1 Речь идет о рецензии на ‘Симфонию (2-ю, драматическую)’ (М., 1902) Андрея Белого, подписанной криптонимом В. А. Л., в рубрике ‘Книги за неделю’ (Новое время. Иллюстр. прилож. 1902. No 9456, 3 июля. С. 8—9). Автор ее, отмечая, что ‘заявленные автором смыслы, очевидно, не в ладу между собою и застенчивы пред публикою: чем бы сиять, подобно трем грациям, на виду, они играют в прятки’, заключал: ‘… какие бы смыслы ни крылись в ‘Симфонии’ г. Белого, но пасквиль-то сквозит в ней несомненнейшею прозрачностью — и притом даже не пасквиль, но мелкий, местный, московский пасквилек, обличитель никому за пределами тесного московского кружка не известных человечков’.
2 ‘Северная симфония (1-я, героическая)’ Андрея Белого (М.: Скорпион, 1904) вышла в свет в середине октября 1903 г.
3 См.: Белый Андрей. О теургии // Новый Путь. 1903. No 9. С. 100— 123.
4 Цитата из стихотворения Лермонтова ‘Не верь себе’ (‘Не верь, не верь себе, мечтатель молодой…’, 1839).
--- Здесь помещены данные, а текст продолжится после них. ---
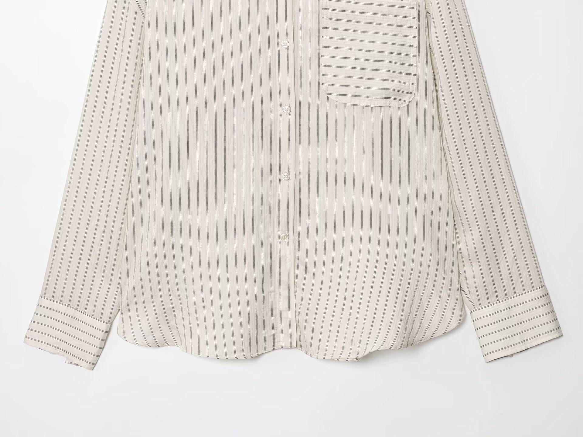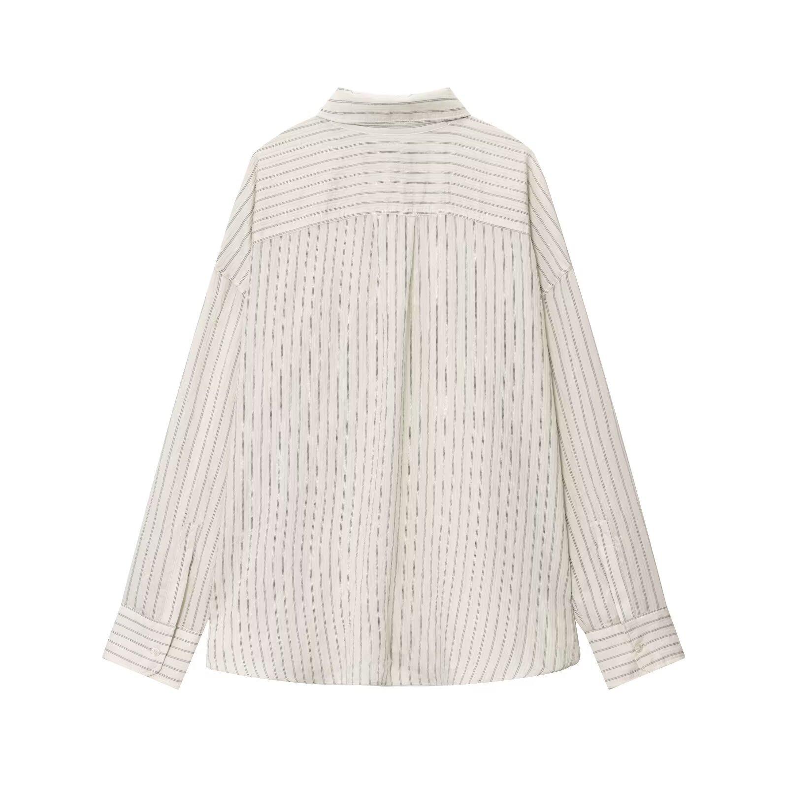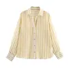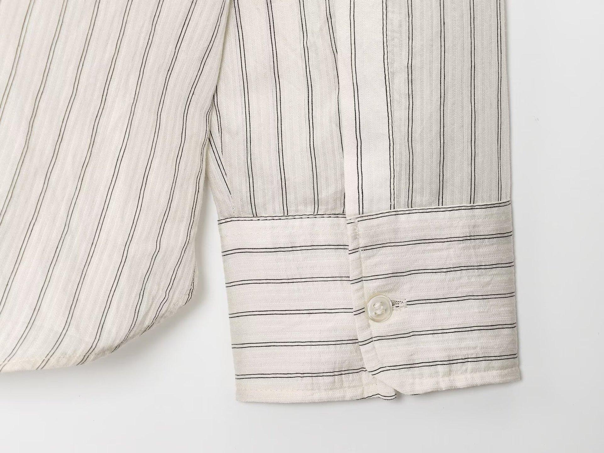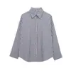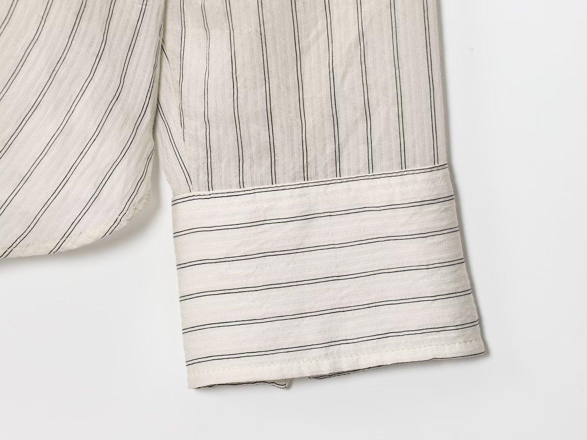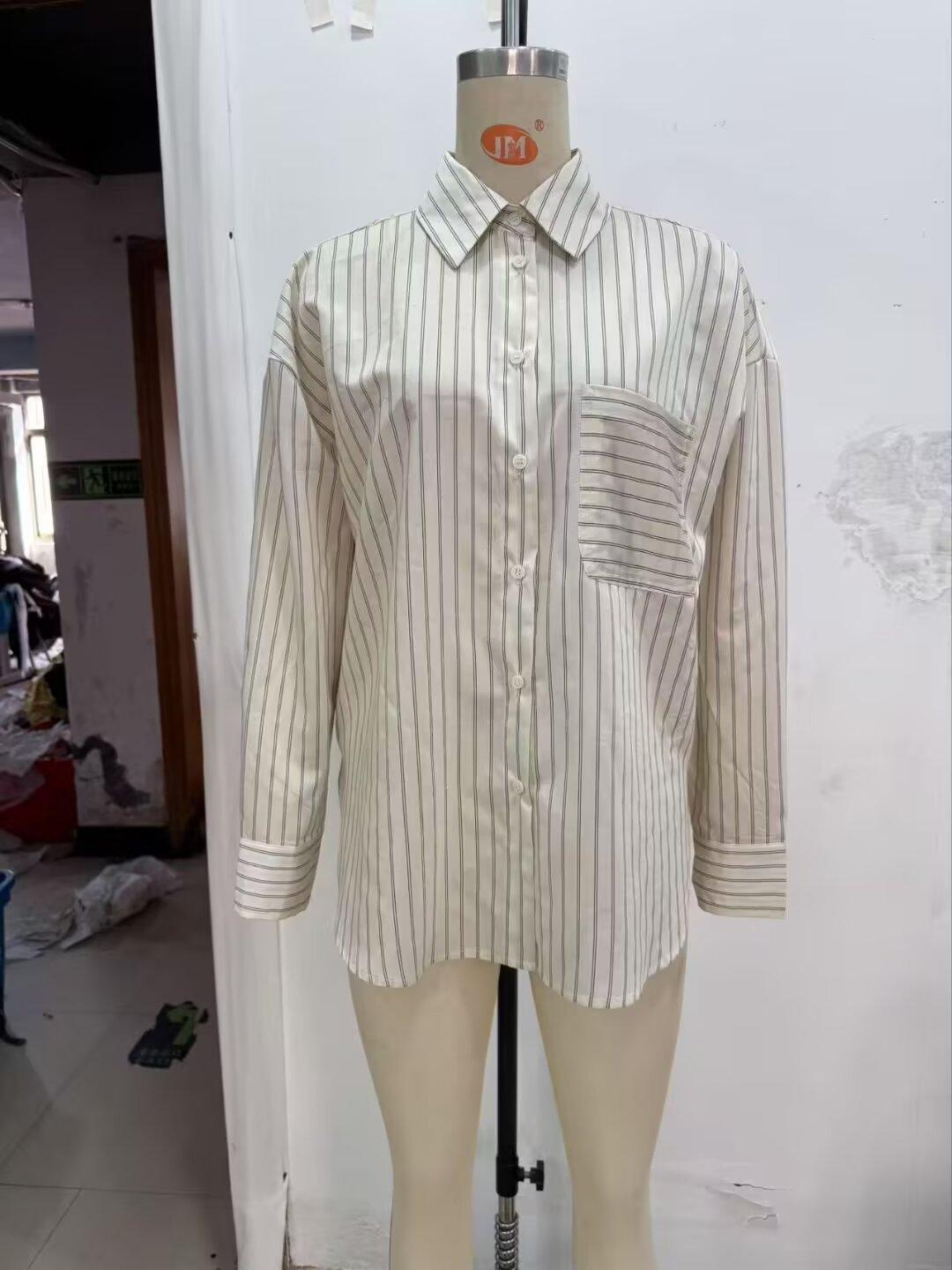 Moda transfronteriza para mujer europea y americana AliExpress más vendido moda casual minimalista a rayas cuello vuelto camisa de manga larga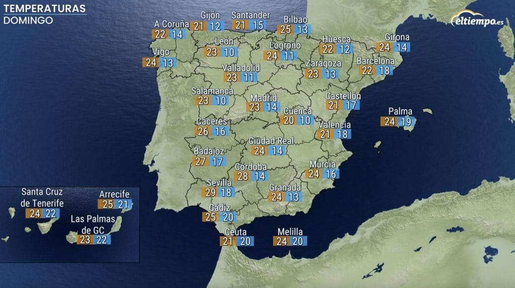 El domingo sí se espera un aumento térmico en el norte con máximas unos grados más altas, aunque dentro de los valores propios de estas fechas. Las temperaturas mínimas podrían ser algo más altas, aunque en bastantes capitales, sobre todo de ambas mesetas, se quedarán cerca de los 10 ºC.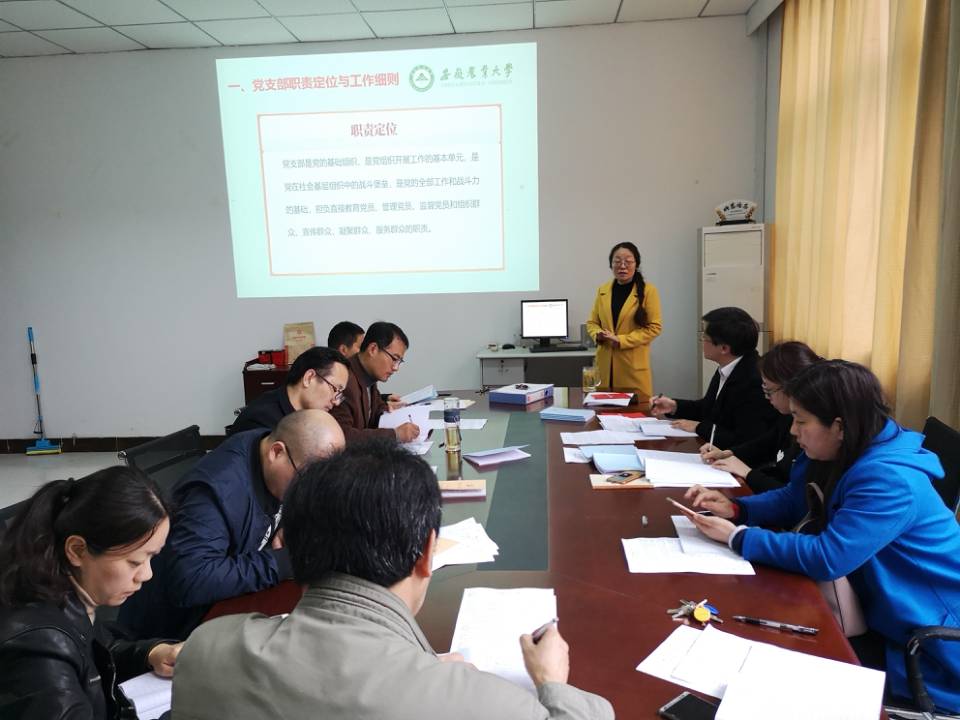 崔云首先从党支部的定位、职责、工作原则、基本任务等方面对《中国共产党支部工作条例(试行)》(以下简称《条例》)进行了具体阐述,她指出各位党员教师要充分认识并深刻领会《条例》出台的重要意义,《条例》的制定与实施是贯彻落实习近平新时代中国特色社会主义思想,加强新时代党支部建设的重要制度成果,是推动全面从严治党向基层延伸的重要基础;各位党员教师要增强贯彻执行《条例》的思想自觉和行动自觉,在实际工作中发挥党员先锋模范作用;党支部要按照《条例》要求,强化政治意识,激发组织活力,把基层党支部建设得更加坚强有力,让党的根基更加坚实牢固;要把政治建设放在首位,坚持立德树人,深入挖掘课堂教学中所蕴含的思想政治教育资源,结合食品学科专业特色,联系生活实际,抓好“课程思政”建设,把意识形态教育融入课程教学;党支部在开展活动时,要认真做好过程性材料积累,理论学习和实践活动一定要脚踏实地,落到实处。
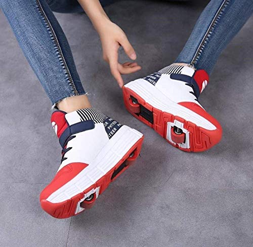 XPF Scarpe da Skateboard Scarpe da Ginnastica da Ginnastica Scarpe da Skateboard Scarpe da Ragazza per Ragazzi con Ruote Sneaker da Ginnastica da Corsa All'aperto,Red-41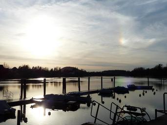Keywords: water boats buoys shipping river stein am rhein rhine sun sundog parhelia haloerscheinung weather phenomenon clouds iridescent cloud cirrus non iridescent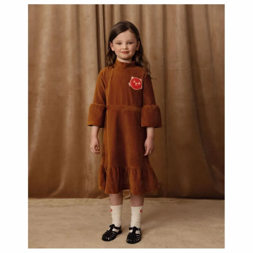 - Robe en velours côtelé, fabriquée à partir de coton biologique et de polyester recyclé.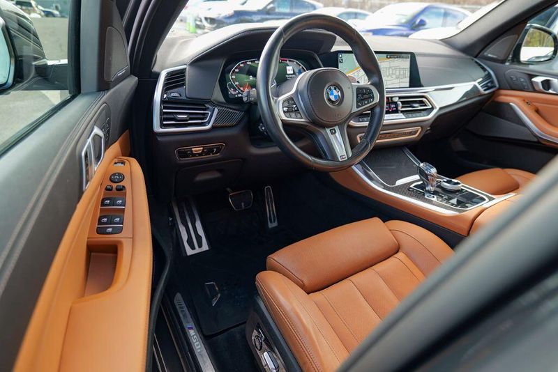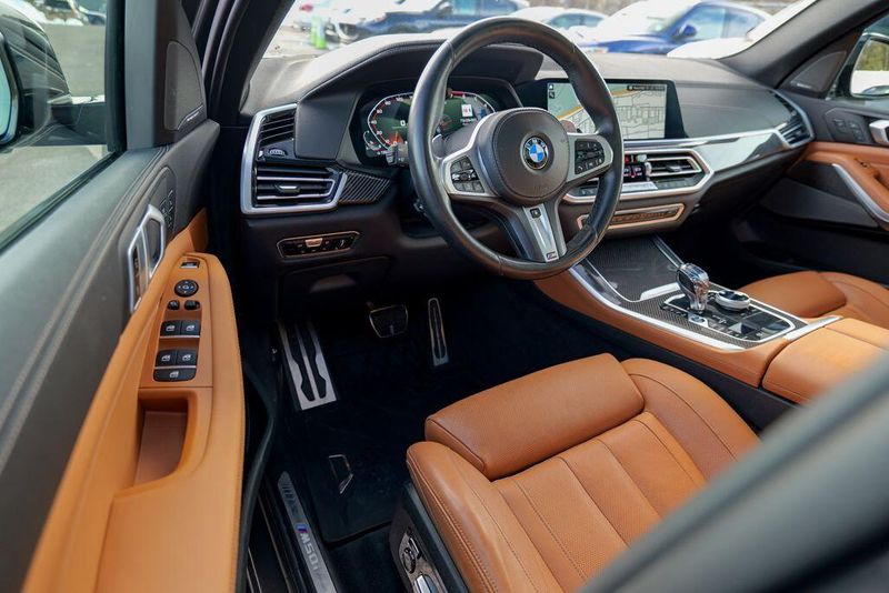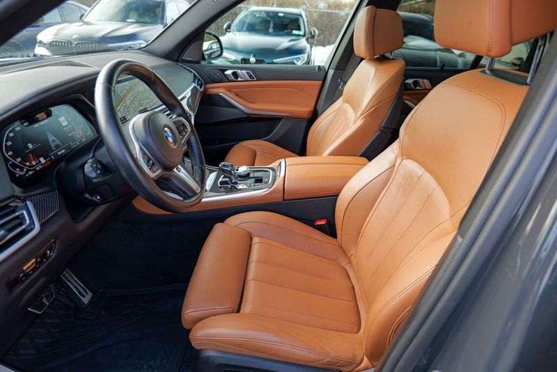 2022 BMW X5 M50i Dravit Gray Metallic X5 M50i, 4D Sport Utility, 4.4L V8 DOHC 32V Twin Turbocharged, 8-Speed Automatic Sport, AWD, Dravit Gray Metallic, Cognac Leather, 16 Speakers, Active Driving Assistant Pro, Active Park Distance Control, Adaptive suspension, AM/FM radio: SiriusXM with 360L, Auto High-beam Headlights, Automatic temperature control, Brake assist, Climate Comfort Package, Connected Package Pro, Drive Recorder, Driving Assistance Professional Package, Emergency communication system: BMW Assist eCall, Executive Package, Extended Traffic Jam Assistant, Front & Rear Heated Seats, Front dual zone A/C, Front Ventilated Seats, Fully automatic headlights, Gesture Control, Glass Controls, harman/kardon Surround Sound System, Head restraints memory, Head-Up Display, Heated Front Seats w/Armrests & Steering Wheel, Icon Adaptive LED Headlights w/Laserlight, Increased Top Speed Limiter, Memory seat, Navigation System, Panoramic Sky Lounge LED Roof, Parking Assistance Package, Parking Assistant Plus, Radio data system, Rain sensing wipers, Rear air conditioning, Rear dual zone A/C, Rear Manual Side Window Shades, Rear-View Camera, Remote keyless entry, SiriusXM Satellite Radio w/360L, Speed-sensing steering, Speed-Sensitive Wipers, Steering wheel memory, Steering wheel mounted audio controls, Surround View w/3D View, Vernasca Leather Upholstery, Wheels: 22'' x 9.5'' Fr & 22'' x 10.5'' Rr Black, WiFi Hotspot, Wireless Charging.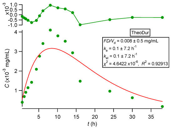 The estimates of the bioavailable fraction for the drugs following one-compartment-model kinetics are reported in Table 2. The estimate for ketoprofen of 0.98 underlines its complete absorption and not only agrees with the literature data [37] but also indirectly verifies the absence of first-pass effect. The lower estimate of 0.78 for the bioavailable fraction, given in Table 2, should be linked with the prevailing role of the value of τ in the estimation of F from oral data using Equation (3), i.e., the error associated with the estimation of τ is propagated to the estimate for F. The estimate (0.91), Table 2, derived from Equations (4) and (5) for theophylline’s bioavailable fraction corresponding to the immediate-release formulation, agrees with the literature data [38,39]. The estimates (0.8, 0.84, and 0.75) were derived for F from the analysis of the extended-release Theotrim and Theodur theophylline formulations, respectively; see Table 2. Although the F estimates for Theotrim are not reported in the vast literature of theophylline formulations, Theodur exhibits complete absorption (F = 0.97) when administered in doses of 100 to 300 mg [40,41]. Our semi-compartmental estimation approach based exclusively on oral data and the use of Equation (5) is heavily dependent on the estimation of τ and leads to a much lower estimate for F, i.e., 0.75. Due to the complex nature of theophylline absorption from Theodur, as seen in Figure 3C, the estimation of τ is subject to error, which affects the parameter in the denominator of Equation (5). In the present case, this results in underestimation of F.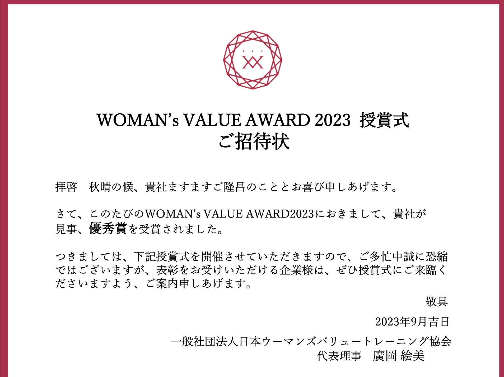 【女性の働きやすさを追求】WOMAN’s VALUE AWARD2023 優秀賞を受賞!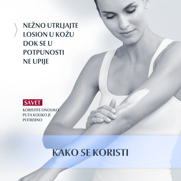 Nanesite preparat na čistu i suvu kožu i nežno utrljajte dok se u potpunosti ne upije. Ukoliko je potrebno nanosite losion više puta u toku dana.

В статье ‘О жизни и сочинениях Кольцова’ (1846) Белинский использует эту фразу при сопоставлении ‘различных степеней дара творчества’ — таланта и гения: ‘Отсутствие оригинальности и самобытности всегда есть характеристический признак таланта: он живет не своею, а чужою жизнию, его вдохновение есть не что иное, как ‘пленной мысли раздраженье’ — мысли, захваченной у гения или подслушанной у самой толпы’ (Белинский В. Г. Поли. собр. соч. М., 1955. Т. 9. С. 527).
6 Подразумевается герой философской поэмы Ф. Ницше ‘Так говорил Заратустра’ (1883—1885).
6 Эти слова Ибсен произнес в речи на празднестве в Стокгольме 24 сентября 1887 г. См.: Ибсен Генрик. Собр. соч.: В 4 т. М., 1958. Т. 4. С. 658.
7 Цитата из пьесы Андрея Белого ‘Пришедший. Отрывок из ненаписанной мистерии’ (Северные цветы. 3-й альманах книгоиздательства ‘Скорпион’. М., 1903. С. 8).
8 Речь идет о сонате для фортепиано f-moll H. К. Метнера, брата Э. К. Метнера (ор. 5, 1902—1903), первое исполнение ее состоялось 2 ноября 1904 г. в Малом зале Российского благородного собрания (см. комментарии З. А. Апетян в кн.: Метнер Н. К. Письма. М., 1973. С. 41—45). Ср. дневниковую запись Э. К. Метнера от 16 сентября 1902 г.: ‘Коля &lt,…&gt, сочинил за это время между прочим сонату, в которой вторая тема первой части является основным мотивом ‘Симфонии’ Бугаева. Это есть радость страшная и уютная в одно время, общая и интимная… Когда в позапрошлый раз Коля начал играть при Бугаеве эту сонату, я, все лето промучавшийся аналогией между обеими темами, наблюдал за Бугаевым… После первого появления этой темы он задумался, но когда ей пришел черед явиться снова, он вскочил и взглянул на меня с таким ужасом, как будто он увидел двойника… Удивлению и восхищению его не было конца… Бугаев говорил, что ему многое выяснилось в ‘симфонии’ благодаря этому мотиву…’ (РГБ. Ф. 167. Карт. 23. Ед. хр. 9. Л. 52 об.—53).